> _Task directions_: The result should hold only the lines from the one with "Elegant Italian floor" through the final line of the data below, transcribed exactly, pictures left out.

====

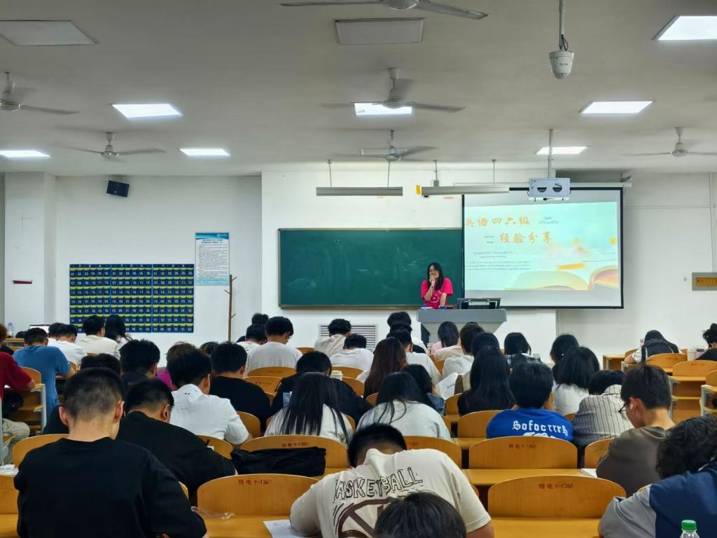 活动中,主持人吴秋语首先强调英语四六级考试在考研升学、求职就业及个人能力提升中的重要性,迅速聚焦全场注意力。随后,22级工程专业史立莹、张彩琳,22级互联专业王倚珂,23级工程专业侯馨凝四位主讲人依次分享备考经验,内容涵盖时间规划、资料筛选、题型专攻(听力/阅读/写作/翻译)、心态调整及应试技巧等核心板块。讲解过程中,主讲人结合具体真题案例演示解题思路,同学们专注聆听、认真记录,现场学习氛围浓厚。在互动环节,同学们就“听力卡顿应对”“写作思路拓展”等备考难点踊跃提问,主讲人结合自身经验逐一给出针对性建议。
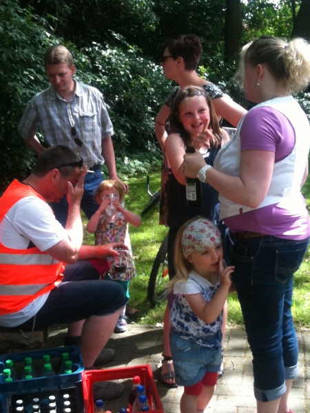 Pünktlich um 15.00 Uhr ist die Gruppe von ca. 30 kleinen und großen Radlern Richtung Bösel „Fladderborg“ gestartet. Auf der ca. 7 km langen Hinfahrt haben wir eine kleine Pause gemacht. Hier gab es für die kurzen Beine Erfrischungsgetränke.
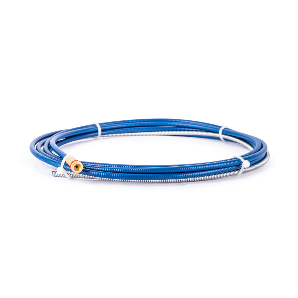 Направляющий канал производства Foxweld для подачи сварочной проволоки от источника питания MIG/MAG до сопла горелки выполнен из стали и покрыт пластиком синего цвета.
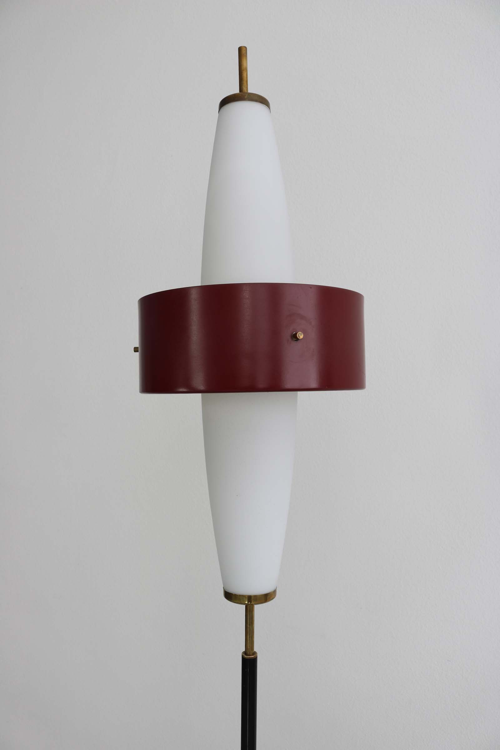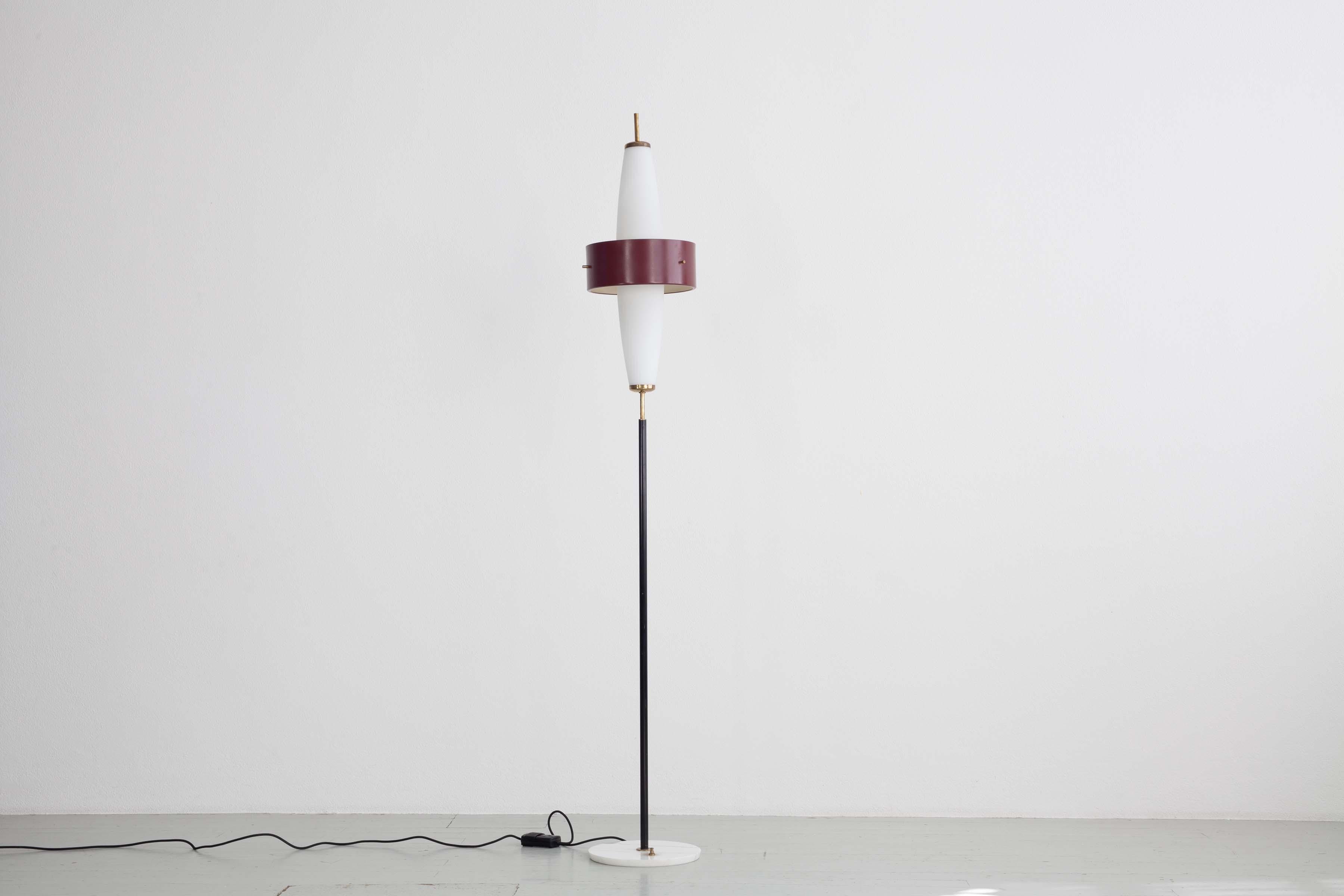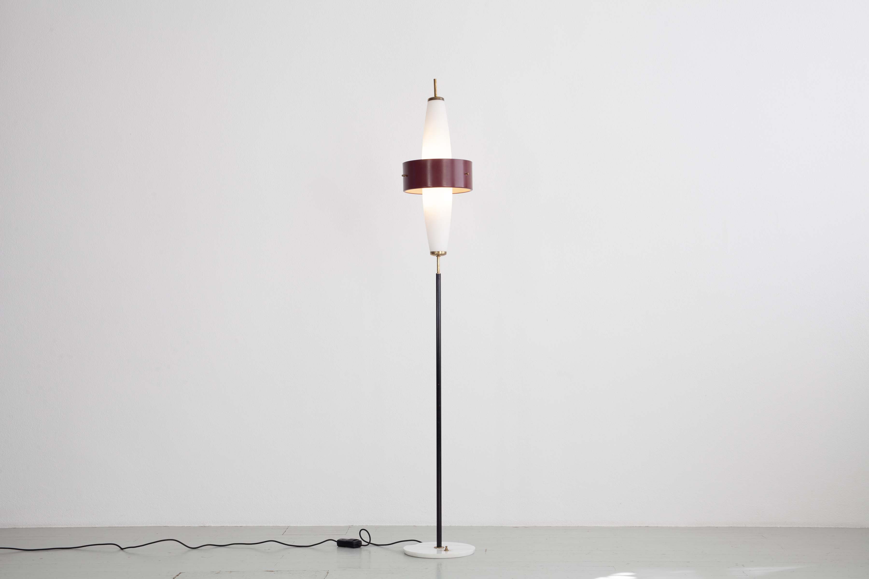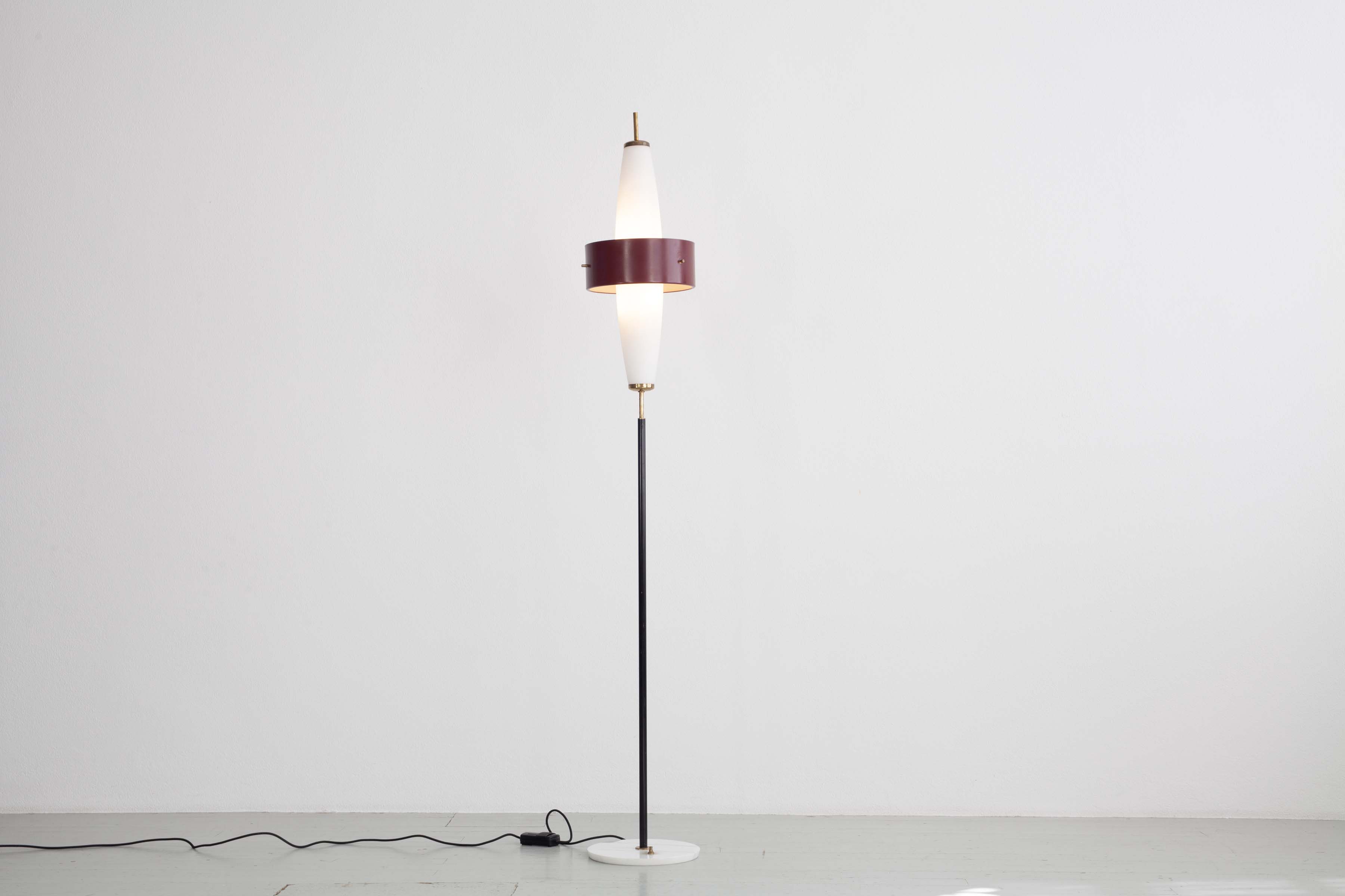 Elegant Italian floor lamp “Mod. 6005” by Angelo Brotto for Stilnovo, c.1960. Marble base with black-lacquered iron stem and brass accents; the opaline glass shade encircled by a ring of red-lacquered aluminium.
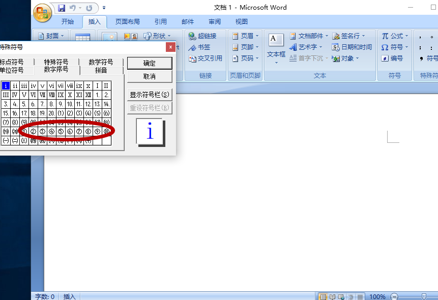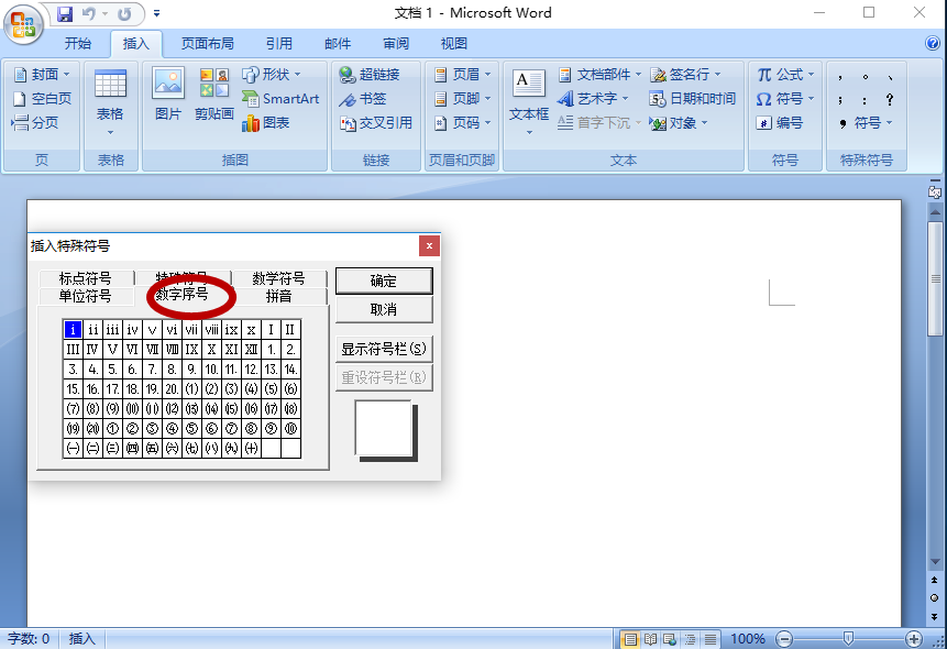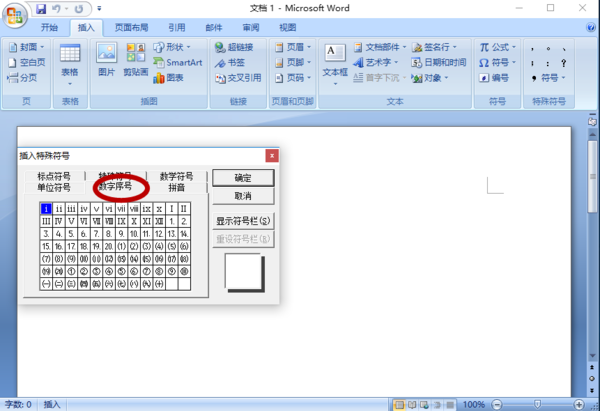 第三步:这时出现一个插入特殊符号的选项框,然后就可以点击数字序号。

====

> _Response box_:
 Elegant Italian floor lamp “Mod. 6005” by Angelo Brotto for Stilnovo, c.1960. Marble base with black-lacquered iron stem and brass accents; the opaline glass shade encircled by a ring of red-lacquered aluminium.
 第三步:这时出现一个插入特殊符号的选项框,然后就可以点击数字序号。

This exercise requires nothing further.